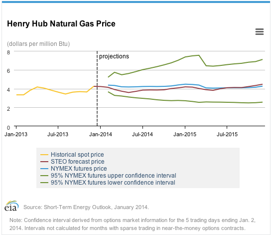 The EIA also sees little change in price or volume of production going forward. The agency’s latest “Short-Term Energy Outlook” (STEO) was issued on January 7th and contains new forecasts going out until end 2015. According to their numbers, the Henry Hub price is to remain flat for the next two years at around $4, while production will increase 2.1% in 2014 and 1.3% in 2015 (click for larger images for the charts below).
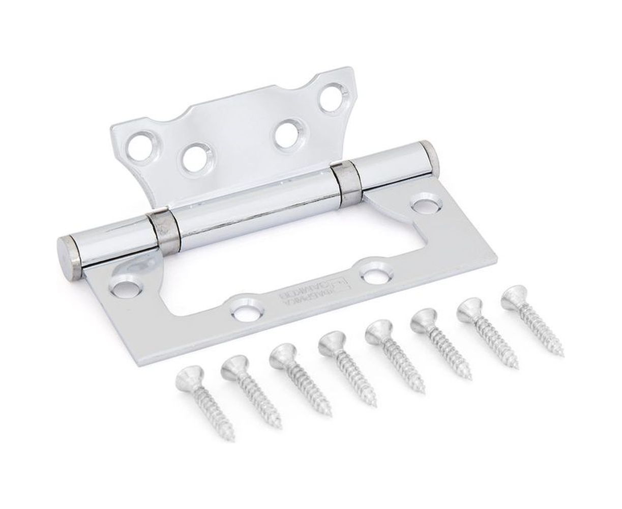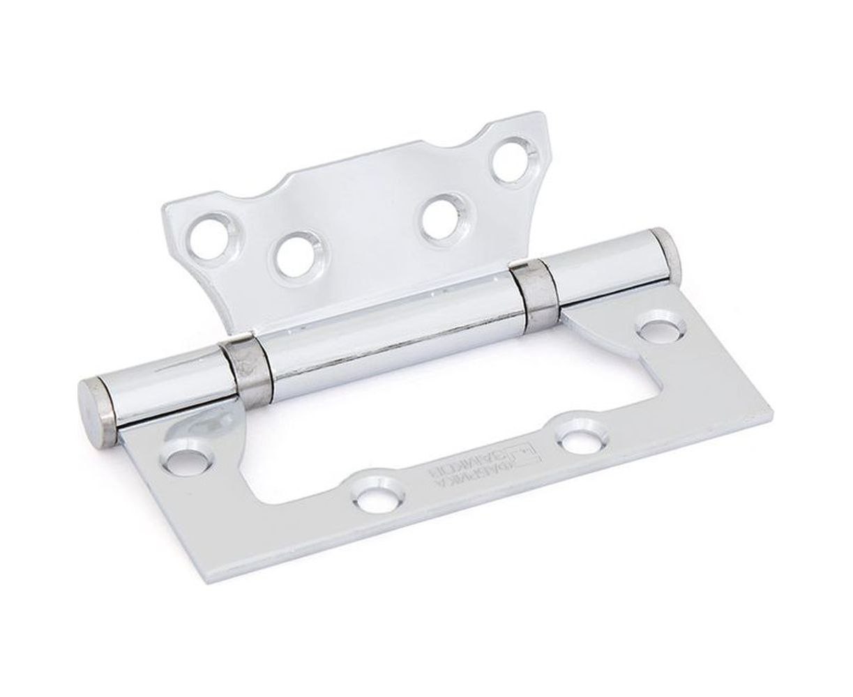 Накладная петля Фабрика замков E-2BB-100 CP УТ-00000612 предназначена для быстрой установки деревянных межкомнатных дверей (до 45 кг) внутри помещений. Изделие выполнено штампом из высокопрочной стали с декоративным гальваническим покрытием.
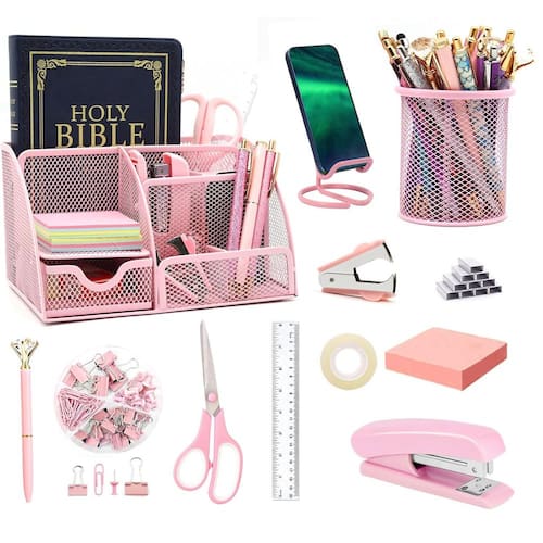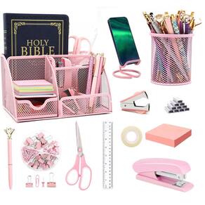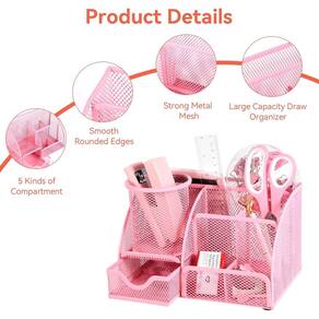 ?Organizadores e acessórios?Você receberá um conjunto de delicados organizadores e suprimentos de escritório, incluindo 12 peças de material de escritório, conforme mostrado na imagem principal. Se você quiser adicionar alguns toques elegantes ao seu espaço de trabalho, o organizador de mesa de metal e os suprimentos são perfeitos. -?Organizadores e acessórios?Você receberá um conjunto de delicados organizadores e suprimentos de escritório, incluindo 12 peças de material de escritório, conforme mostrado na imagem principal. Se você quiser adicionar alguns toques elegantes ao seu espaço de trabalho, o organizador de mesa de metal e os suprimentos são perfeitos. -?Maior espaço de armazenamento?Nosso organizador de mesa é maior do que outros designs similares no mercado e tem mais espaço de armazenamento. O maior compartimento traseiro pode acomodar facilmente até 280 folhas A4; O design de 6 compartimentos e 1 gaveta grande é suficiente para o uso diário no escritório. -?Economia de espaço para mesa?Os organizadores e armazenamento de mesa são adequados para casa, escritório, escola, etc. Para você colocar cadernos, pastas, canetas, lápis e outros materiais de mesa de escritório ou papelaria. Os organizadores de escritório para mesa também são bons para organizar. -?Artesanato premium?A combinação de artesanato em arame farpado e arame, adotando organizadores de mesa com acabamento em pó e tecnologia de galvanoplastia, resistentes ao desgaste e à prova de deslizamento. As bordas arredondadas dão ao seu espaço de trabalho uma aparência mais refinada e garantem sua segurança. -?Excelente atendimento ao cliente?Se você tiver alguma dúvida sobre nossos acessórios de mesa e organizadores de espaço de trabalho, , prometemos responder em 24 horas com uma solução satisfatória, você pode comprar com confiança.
+ + + + +
◆ **Work request**
Leaving aside the pictures, copy the listing above exactly.

◆ **Your response**
 The EIA also sees little change in price or volume of production going forward. The agency’s latest “Short-Term Energy Outlook” (STEO) was issued on January 7th and contains new forecasts going out until end 2015. According to their numbers, the Henry Hub price is to remain flat for the next two years at around $4, while production will increase 2.1% in 2014 and 1.3% in 2015 (click for larger images for the charts below).
 Накладная петля Фабрика замков E-2BB-100 CP УТ-00000612 предназначена для быстрой установки деревянных межкомнатных дверей (до 45 кг) внутри помещений. Изделие выполнено штампом из высокопрочной стали с декоративным гальваническим покрытием.
 ?Organizadores e acessórios?Você receberá um conjunto de delicados organizadores e suprimentos de escritório, incluindo 12 peças de material de escritório, conforme mostrado na imagem principal. Se você quiser adicionar alguns toques elegantes ao seu espaço de trabalho, o organizador de mesa de metal e os suprimentos são perfeitos. -?Organizadores e acessórios?Você receberá um conjunto de delicados organizadores e suprimentos de escritório, incluindo 12 peças de material de escritório, conforme mostrado na imagem principal. Se você quiser adicionar alguns toques elegantes ao seu espaço de trabalho, o organizador de mesa de metal e os suprimentos são perfeitos. -?Maior espaço de armazenamento?Nosso organizador de mesa é maior do que outros designs similares no mercado e tem mais espaço de armazenamento. O maior compartimento traseiro pode acomodar facilmente até 280 folhas A4; O design de 6 compartimentos e 1 gaveta grande é suficiente para o uso diário no escritório. -?Economia de espaço para mesa?Os organizadores e armazenamento de mesa são adequados para casa, escritório, escola, etc. Para você colocar cadernos, pastas, canetas, lápis e outros materiais de mesa de escritório ou papelaria. Os organizadores de escritório para mesa também são bons para organizar. -?Artesanato premium?A combinação de artesanato em arame farpado e arame, adotando organizadores de mesa com acabamento em pó e tecnologia de galvanoplastia, resistentes ao desgaste e à prova de deslizamento. As bordas arredondadas dão ao seu espaço de trabalho uma aparência mais refinada e garantem sua segurança. -?Excelente atendimento ao cliente?Se você tiver alguma dúvida sobre nossos acessórios de mesa e organizadores de espaço de trabalho, , prometemos responder em 24 horas com uma solução satisfatória, você pode comprar com confiança.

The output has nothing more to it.